Since the success of the remake of The Ring, Hollywood has stood up and took notice of the Japanese horror scene. The next Asian remake coming our way is The Grudge. Sam Raimi was supposedly so impressed by it that he decided to produce it personally. The same director of the original will be back at the helm for the American version. Before I go onto the review, I am going to give you a bit of the history around the original. Ju-on which it’s known by in Asia, actually began as a pair of low budget TV movies released in 2000. After its initial success the same filmmaker directed bigger budgeted remakes of both films for theatrical release. I got the chance to see the original remake at this year’s Toronto International Film Festival. The sequel remake has just been released in Japan. After viewing The Grudge, I clearly understood what all the hype is all about.

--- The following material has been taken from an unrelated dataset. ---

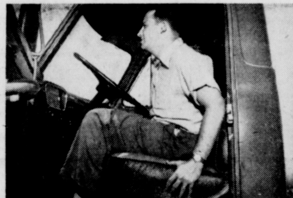
SLIDE into the wide, comfortable seat. Bounce on it to test the super-cushioning action of Ford's exclusive seat shock snubber and new non-sag springs.

The story focuses around your average everyday house in which a brutal death of a family happened in the past. The former inhabitants’ ghosts begin to terrorize anyone who dares to live there or who simply walks through its door. The film is more structure-based than story driven. What follows is a series of set pieces in which the family of ghosts wreck havoc on all its prey.
There is not much beyond the premise. But what they make up for lack of plot is the film’s cool out of sequence structure. There are a lot of intricate clues placed throughout the film. Even the smallest of details provide great some great insight in the characters’ background story. The Grudge surprisingly grows stronger and richer with each viewing. Another great attribute is that there are no major special effects apparent. The creepy score and sound design help create the film’s uncomfortable atmosphere. The look of the ghosts is simple enough but will surely stay with you for some time. The performances of the ghosts are terrifying.
Director Takashi Shimizu masterfully turns up the tension to the max. Aside from the opening scene, there is really no gore. The brilliance of the film is how it builds the suspense and then knocks you out of your seat with some of the most frightening and surreal images in horror. The atmosphere is dark and ominous. Shimizu knows that what we can’t explain can be far more eerie. Just imagine the classic nightmarish image from Ringu or the Hollywood remake in which the little girl crawls out of the television screen and loop to the 90 minute length. The Grudge is in the tradition of that scene except it surpasses it. The pacing is slow but unrelenting. Each set piece is packed with great scares and some genuinely inventive imagery.
Despite the one-note premise, The Grudge is one scary horror film. It’s a nightmare ride that never lets the viewer go. I think it matches The Ring in the creepy-as-hell department. I urge you all to go out and see the original before the remake releases. If getting scared is your thing then you won’t find a better flick.